Give again, character for character, the lines that lie between the first line of the material and the line with "終于來了!人社部正式發布《人", inclusive. Omit pictures.
• • • • •
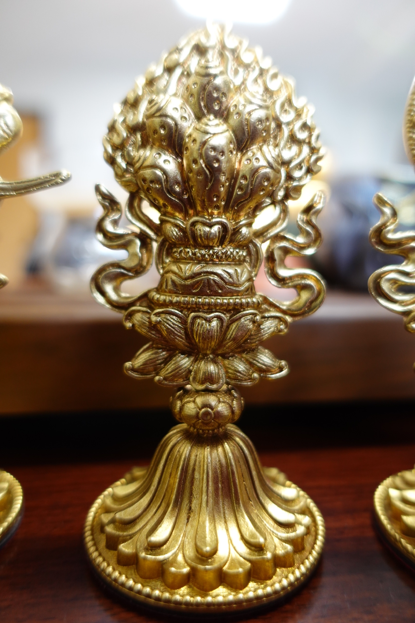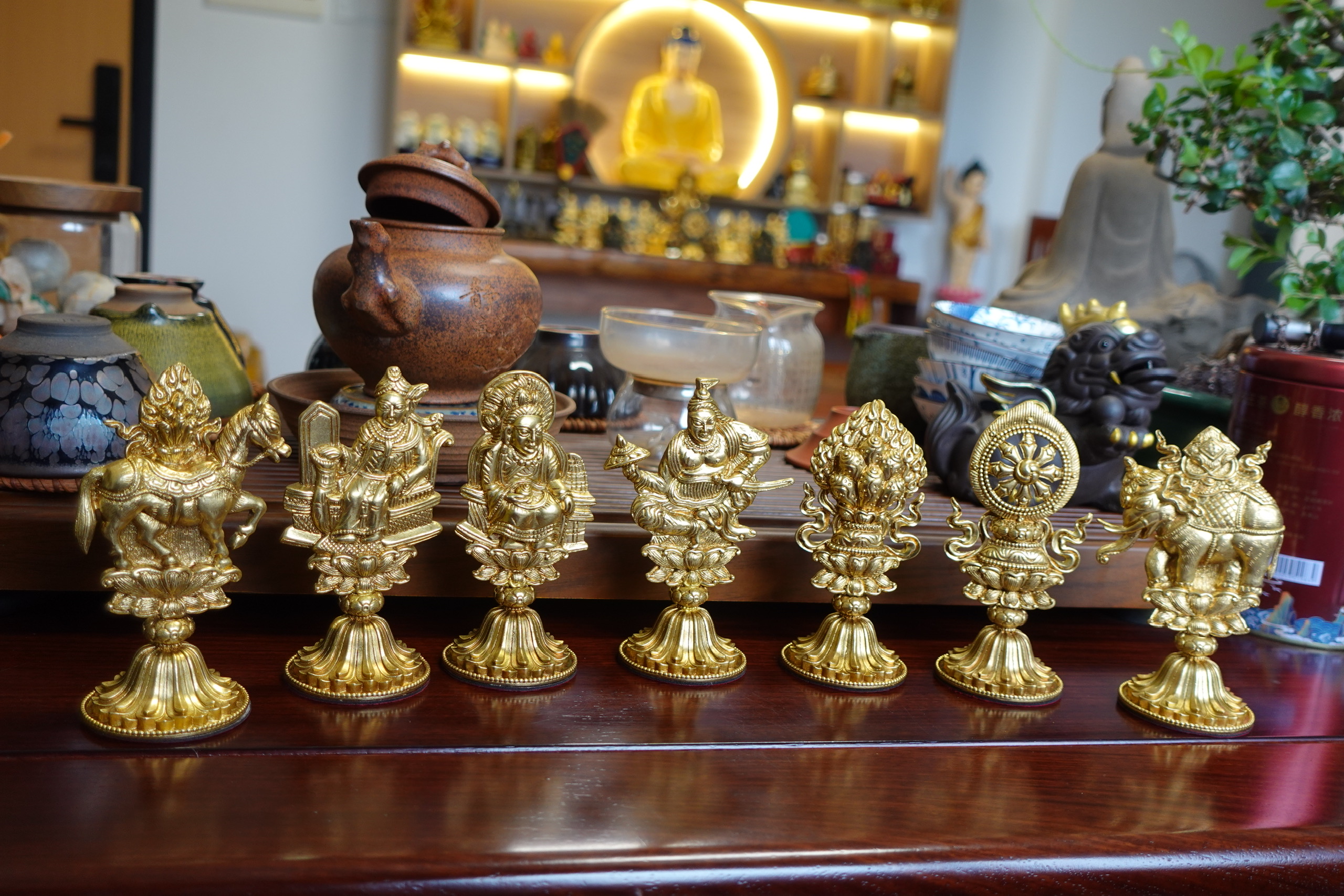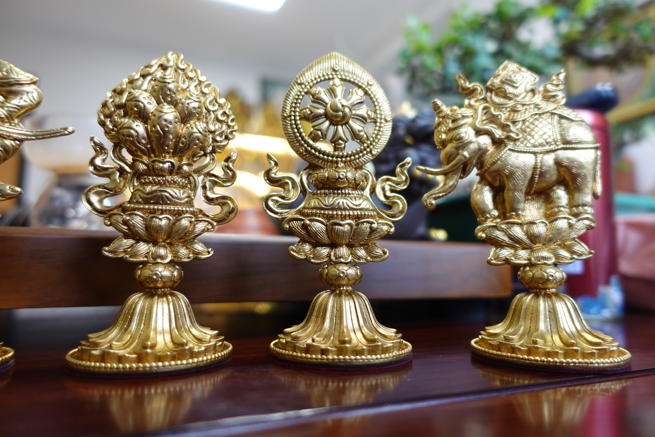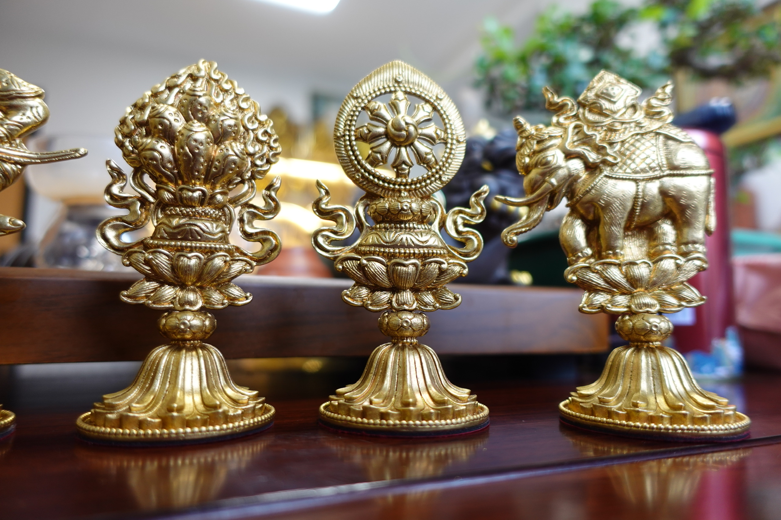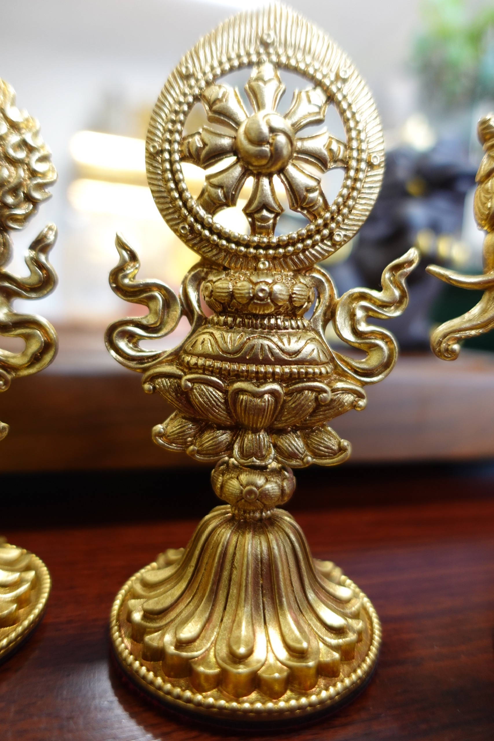 1. Luân bảo (Bánh xe báu) – Tượng trưng cho trí tuệ, giáo pháp đúng đắn của Đức Phật.
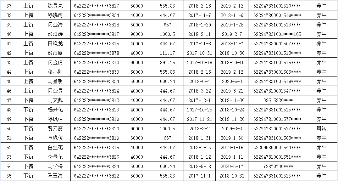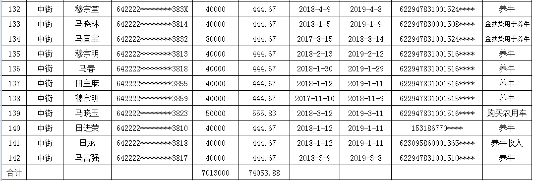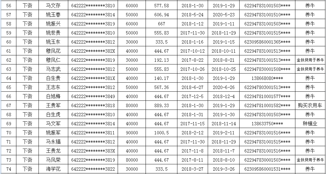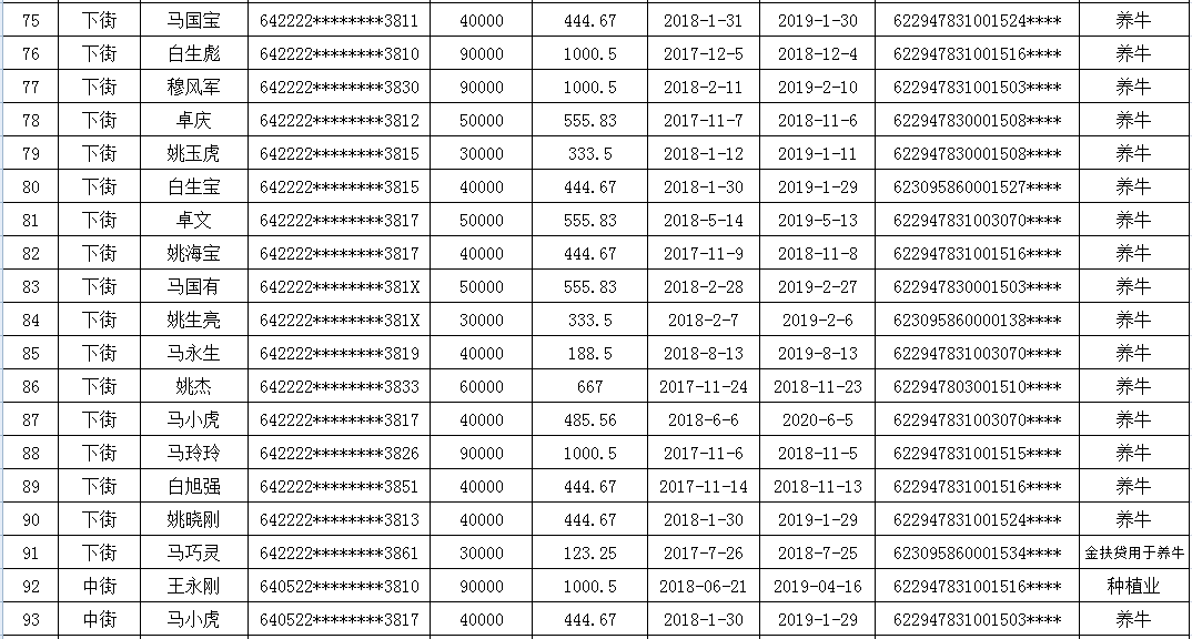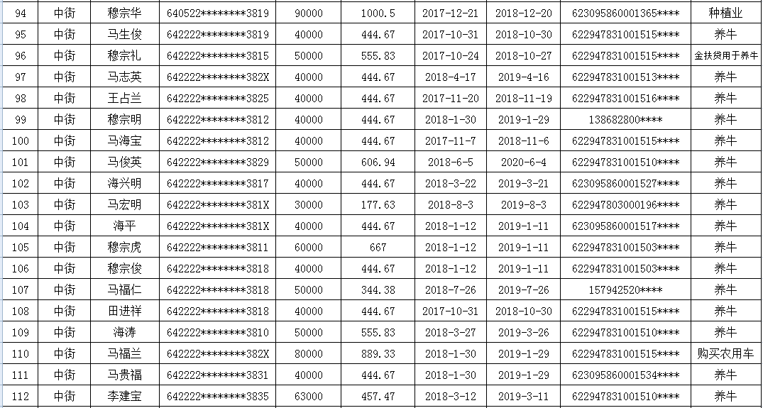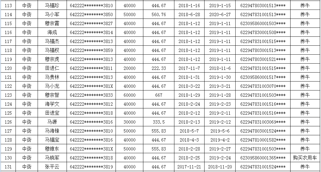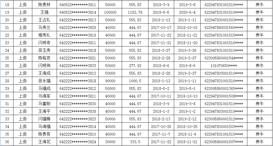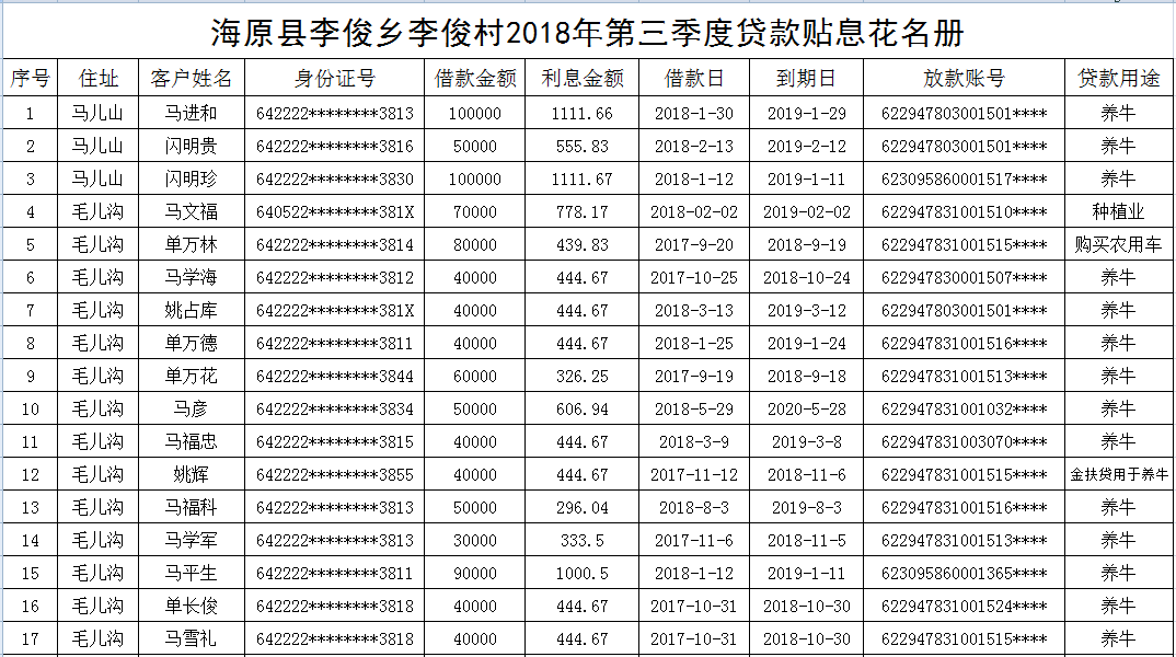 海原县李俊乡李俊村2018年第三季度贷款贴息花名册
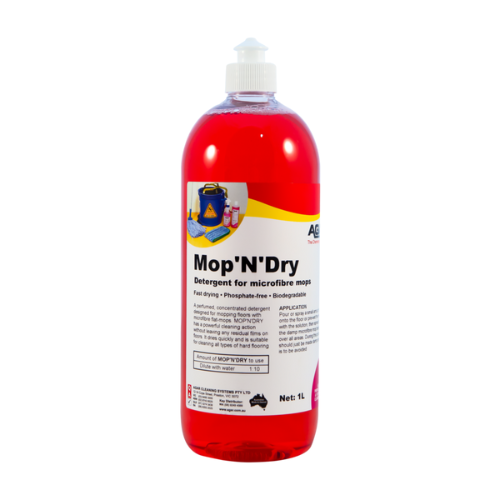 • Mop'N'Dry is a powerful, fast-drying detergent specially formulated for use with microfibre mops and spray-and-glide systems.
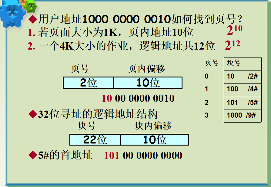 规律:作业相对地址在分页下不同位置的数有一定的意义结构:页号+业内地址(即页内偏移)
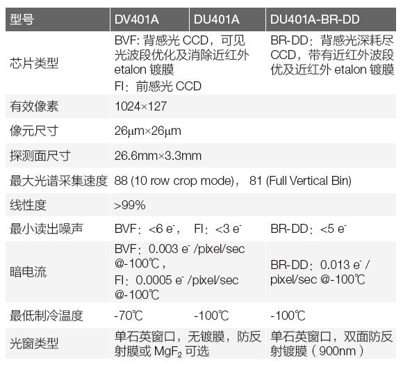 iDus 401系列深度制冷科學級光譜CCD技術參數指標
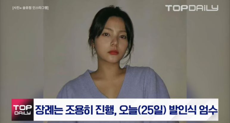 송유정의 빈소는 서울 의료원 강남분원에 마련됐으면 발인은 25일 오후 1시30분에 엄수 된다고 하는데요 장지는 서울 추모공원에 마련된다고 하는데요
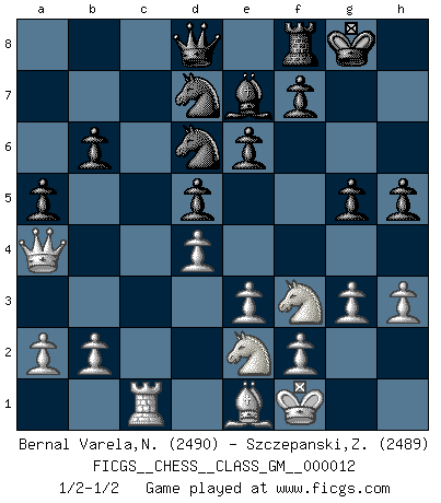 Last move : 1/2-1/2 2023 April 28 16:44:30 [Event "FICGS__CHESS__CLASS_GM__000012"] [Site "FICGS"] [Date "2023.04.08"] [Round "1"] [White "Bernal Varela,Nelson"] [Black "Szczepanski,Zbigniew"] [Result "1/2-1/2"] [WhiteElo "2490"] [BlackElo "2489"] 1.Nf3 d5 2.d4 Nf6 3.c4 e6 4.g3 Bb4+ 5.Bd2 Be7 6.Bg2 O-O 7.O-O c6 8.Qc2 b6 9.Nc3 Nbd7 10.cxd5 cxd5 11.Qb3 Bb7 12.Rfc1 Rc8 13.Be1 Ne4 14.e3 h6 15.Qa4 a6 16.Ne2 a5 17.Rxc8 Bxc8 18.Rc1 Ba6 19.Bf1 g5 20.h3 h5 21.Nc3 Bxf1 22.Kxf1 Nd6 23.Ne2 Ne4 24.Nd2 Nd6 25.Nf3 Ne4 26.Nd2 Nd6 27.Nf3 1/2-1/2 Follow this game move after move (download)By this measure (on the gap between Fischer & his contemporaries), I consider him the greatest world champion. (Garry Kasparov) Wir können eben der zündenden Macht des Opfers nicht wiederstehen, denn die Begeisterung für das Opfer liegt in der Natur des Menschen. (Rudolf Spielmann) La batalla por la última verdad nunca sera ganada. Y es por eso que el Ajedrez es tan fascinante. (Hans Kmoch) Je crois qu'il existe des manières très spécifiques de jouer efficacement contre une machine. Evidemment, nous n'avons aucune chance en technique pure, parce que l'ordinateur calcule de manière parfaite. Mais lorsque nous faisons appel à notre cerveau, en utilisant l'intuition et la compréhension, alors nous restons beaucoup plus forts. (Anatoli Karpov) Pushing plastic is for the many, pushing virtual pieces is for the fewer, pushing wood is for the very few. (Normajean Yates)
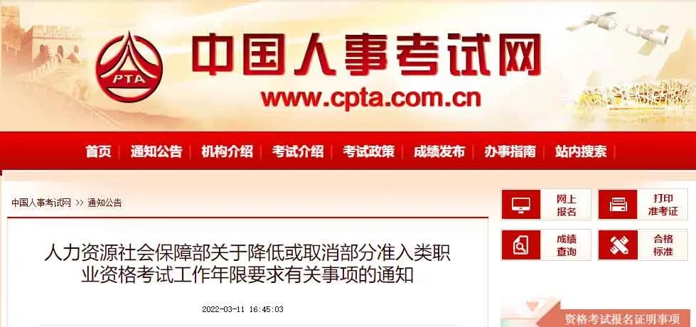終于來了!人社部正式發布《人力資源社會保障部關于降低或取消部分準入類職業資格考試工作年限要求有關事項的通知》,自2022年起實施。
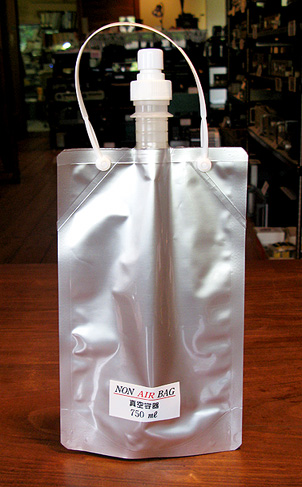 元々はワインや日本酒などが空気で酸化しない様に作られたものらしいが、背骨のある柔らかい容器に液体を入れると負圧が掛かる現象を応用した特許製品である。
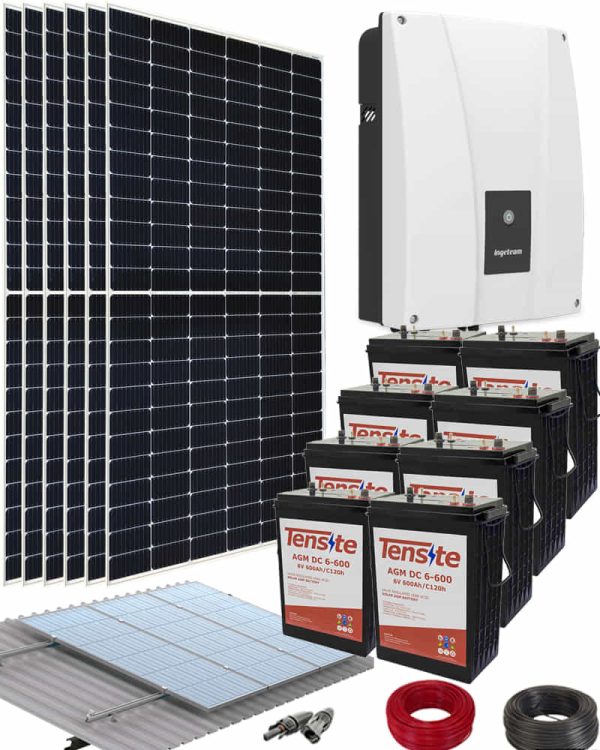 Componentes do Kit Solar Autoconsumo Baterias 3000W 54V 17600Wh dia
• • • • •
Solution for this exercise =
 1. Luân bảo (Bánh xe báu) – Tượng trưng cho trí tuệ, giáo pháp đúng đắn của Đức Phật.
 海原县李俊乡李俊村2018年第三季度贷款贴息花名册
 • Mop'N'Dry is a powerful, fast-drying detergent specially formulated for use with microfibre mops and spray-and-glide systems.
 规律:作业相对地址在分页下不同位置的数有一定的意义结构:页号+业内地址(即页内偏移)
 iDus 401系列深度制冷科學級光譜CCD技術參數指標
 송유정의 빈소는 서울 의료원 강남분원에 마련됐으면 발인은 25일 오후 1시30분에 엄수 된다고 하는데요 장지는 서울 추모공원에 마련된다고 하는데요
 Last move : 1/2-1/2 2023 April 28 16:44:30 [Event "FICGS__CHESS__CLASS_GM__000012"] [Site "FICGS"] [Date "2023.04.08"] [Round "1"] [White "Bernal Varela,Nelson"] [Black "Szczepanski,Zbigniew"] [Result "1/2-1/2"] [WhiteElo "2490"] [BlackElo "2489"] 1.Nf3 d5 2.d4 Nf6 3.c4 e6 4.g3 Bb4+ 5.Bd2 Be7 6.Bg2 O-O 7.O-O c6 8.Qc2 b6 9.Nc3 Nbd7 10.cxd5 cxd5 11.Qb3 Bb7 12.Rfc1 Rc8 13.Be1 Ne4 14.e3 h6 15.Qa4 a6 16.Ne2 a5 17.Rxc8 Bxc8 18.Rc1 Ba6 19.Bf1 g5 20.h3 h5 21.Nc3 Bxf1 22.Kxf1 Nd6 23.Ne2 Ne4 24.Nd2 Nd6 25.Nf3 Ne4 26.Nd2 Nd6 27.Nf3 1/2-1/2 Follow this game move after move (download)By this measure (on the gap between Fischer & his contemporaries), I consider him the greatest world champion. (Garry Kasparov) Wir können eben der zündenden Macht des Opfers nicht wiederstehen, denn die Begeisterung für das Opfer liegt in der Natur des Menschen. (Rudolf Spielmann) La batalla por la última verdad nunca sera ganada. Y es por eso que el Ajedrez es tan fascinante. (Hans Kmoch) Je crois qu'il existe des manières très spécifiques de jouer efficacement contre une machine. Evidemment, nous n'avons aucune chance en technique pure, parce que l'ordinateur calcule de manière parfaite. Mais lorsque nous faisons appel à notre cerveau, en utilisant l'intuition et la compréhension, alors nous restons beaucoup plus forts. (Anatoli Karpov) Pushing plastic is for the many, pushing virtual pieces is for the fewer, pushing wood is for the very few. (Normajean Yates)
終于來了!人社部正式發布《人力資源社會保障部關于降低或取消部分準入類職業資格考試工作年限要求有關事項的通知》,自2022年起實施。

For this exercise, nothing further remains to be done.